##### INFORMATION SUPPLIED

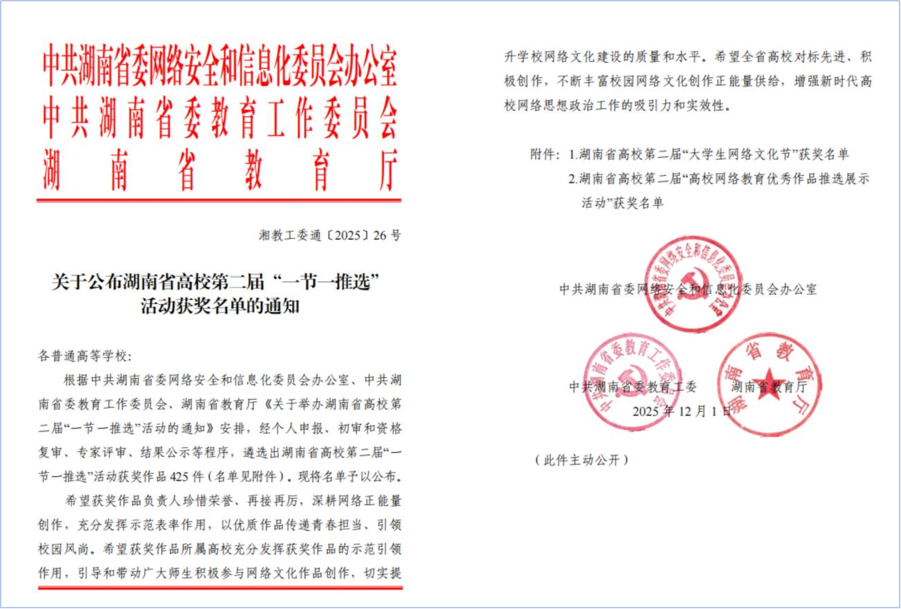 (通讯员 何楚静 王欣悦)近日,由中共湖南省委网络安全和信息化委员会办公室、中共湖南省委教育工作委员会、湖南省教育厅主办的湖南省高校第二届“一节一推选”活动作品评选结果公布,威廉希尔中文网站平台共20项作品成功入选。其中,“大学生网络文化节”一等奖6项、二等奖2项、三等奖3项;“高校网络教育优秀作品推选展示活动”一等奖6项、二等奖3项。
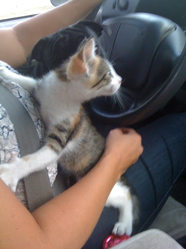 My ride to work was kinda like being a part of a portable petting zoo. Ruby always sits on my lap…and Mayhem decided that she should, too. Col. Mustard, he perched on my shoulder. Guess he’s gonna be an “up-high cat”.
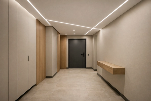 Мы заранее определяем расположение каждого светильника, чтобы исключить затемнённые участки и обеспечить комфортное освещение без резких теней. В результате прихожая становится функциональной, визуально просторной и удобной в ежедневной эксплуатации.
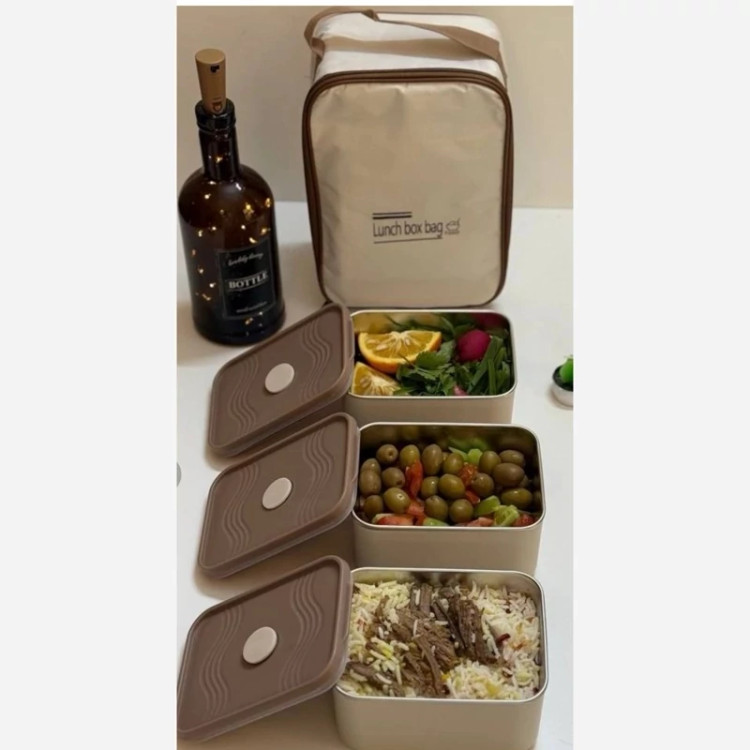 ظرف غذا لانچ باکس مستطیل 3تیکه کیف دار

##########

Transcribe word for word only the lines from the one with "My ride to work" through the end of the listing; every picture is to be omitted.

RESPONSE AREA —
 My ride to work was kinda like being a part of a portable petting zoo. Ruby always sits on my lap…and Mayhem decided that she should, too. Col. Mustard, he perched on my shoulder. Guess he’s gonna be an “up-high cat”.
 Мы заранее определяем расположение каждого светильника, чтобы исключить затемнённые участки и обеспечить комфортное освещение без резких теней. В результате прихожая становится функциональной, визуально просторной и удобной в ежедневной эксплуатации.
 ظرف غذا لانچ باکس مستطیل 3تیکه کیف دار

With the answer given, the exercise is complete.